In a differential centrifugation procedure the consecutive additions in the centrifugal forces applied should make a gradient of the presence of different cell organs, with the heaviest molecules in the extractor tubing with lowed centrifugal forces, the mediam molecular weighted cell organs such as chondriosomes in a centriguge in the extractor with a medium centrifugal force is applied and little molecular weight cell organs such as ribosomes in the centrigue tubing where the highest centrifugal forces are applies.
Therefore the separation of cell organs has occurred but non to a great extent as seen by the reults in table 3 and table 6. Seperation of cell organs could hold been greatly improved by perchance polishing the lab protocol. To ahieve better mitochondrial separation and hence more accurate SDH activity measurments the centrifugation procedure should be done at 20000g but for 20min and non 10min as stated by Loewen ( 2003 ) and Becker et Al ( 2009 ) . This will assist divide the chondriosome out better.
Different centrifugation methods such as denseness gradient centrifugation can be utilized after the intital differential centrifugation to better separate cell organs of similar sizes such as chondriosomes, lysosomes and peroxisomes. The new fractions produced can by the densiy gradient centrifugation can be recovered with the usage of a syringe. Many other techniques such as the initail homogenization phase could besides hold been changed and other techniques could hold been used as described earlier.
It was found by this experiment that subcellular fractional process is non a perfect method and therefore inaccuracies must be expected. But it is a procedure that has revolutionaised our apprehension of cell construction and map.

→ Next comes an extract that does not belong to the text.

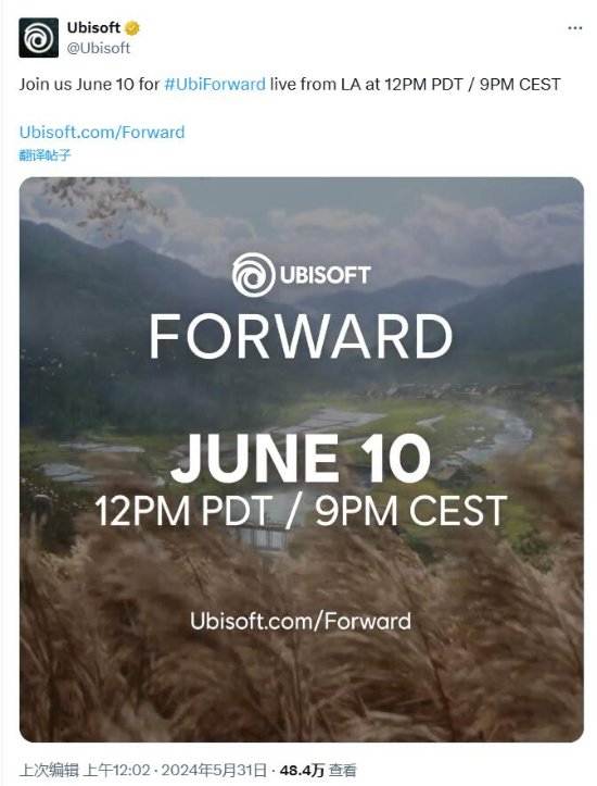 5月31日消息,育碧官方宣布,2024年“Ubisoft Forward”游戏展示会即将于北京时间6月11日凌晨3点举行。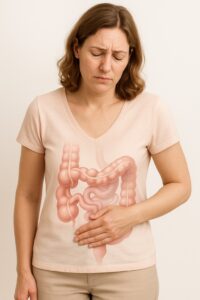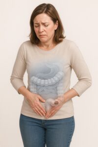 腸が物理的にねじれていることで、便の通りが悪くなってしまうタイプです。特に女性に多く、骨盤の形状や筋力の低下などが関係しているといわれています。主な特徴は、子どものころから便秘体質であること、腹痛を伴うことが多いこと、便秘のあとに下痢になるといった点です。腸がねじれることにより、便の通過が一時的に止まりやすく、排便が不規則になりやすい傾向があります。改善には、腸に負担をかけない姿勢での排便や、腹部のマッサージなどが有効とされています。

It was found in the experiment that differential centrifugation can divide cell organs to an extent to organize a nucleic fraction, mitochondrial fraction and supernatant fraction. Marker enzymes which are present in specific cell organs can be used to assist separate between different cell organs every bit good as the fractions relative pureness. SDH was used in this experiment and was found to be present higher in the supernatant, perchance due to experimental mistake. SDH was specific to the supernatant fraction therore once more bespeaking the presence of chondriosome in the supernatant.
The use of such techniques in this of all time progressing epoch of scientific discipline and engineering has set the phase for future surveies and techniques involved in farther analyzing the cells and increasing our cognition of life as each twenty-four hours passes.